On a Friday afternoon in April, David Lyttle pieced together his drum kit on a patch of grass in Pittsburgh’s Hill District.
“I wish I could say this is a really unusual set up for me, but it’s not really,” he said. “We’ve done this in the desert, in front of some mobile homes, a truck stop.”
For the past month, Lyttle has been away from his hometown in Northern Ireland for a residency traveling across the U.S. He’s playing at both unexpected places and significant landmarks. The Hill House Association helped him coordinate a performance on the lot where jazz great Art Blakey's childhood home once stood. Blakey is Lyttle's musical inspiration.
Lyttle’s friend, saxophone player Tom Harrison, is joining him for a portion of his trip.
For the low-key performance, the two prepared a medley of some of Blakey’s greatest hits.
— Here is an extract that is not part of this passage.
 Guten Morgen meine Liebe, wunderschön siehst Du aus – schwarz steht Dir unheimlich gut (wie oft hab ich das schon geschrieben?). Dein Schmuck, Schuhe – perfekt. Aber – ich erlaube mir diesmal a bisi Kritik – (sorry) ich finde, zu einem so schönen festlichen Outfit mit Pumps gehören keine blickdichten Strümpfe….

Hill District natives Charles Paris and Lance Hicks pulled over in their black pickup truck, after hearing the music. Lyttle had a few questions for them.
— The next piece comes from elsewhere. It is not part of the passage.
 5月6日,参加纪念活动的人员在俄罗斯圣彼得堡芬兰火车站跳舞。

“Art Blakey is my hero and the reason I became a jazz drummer," Lyttle said. "How known or respected is he now here in the Hill District? Do people know his name?”
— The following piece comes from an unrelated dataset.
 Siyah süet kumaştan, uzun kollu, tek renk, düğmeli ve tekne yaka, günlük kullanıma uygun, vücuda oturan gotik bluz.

“Oh yeah,” Paris said, “the older generation do. Younger generation, it’s just Play Station, and all that now.”
Paris said when he was growing up, he used to sneak into jazz clubs to hear the music, and lots of his friends played instruments.
“There’s none of that anymore,” he said. “Kids don’t even like your drum sets. There was a lot of guys coming up playing that.”
Hicks said it’s hard to maintain that history. All that marks the vacant lot is a plaque on a pole.
“If they didn’t post these monuments of historical buildings, you would never know they existed,” he said.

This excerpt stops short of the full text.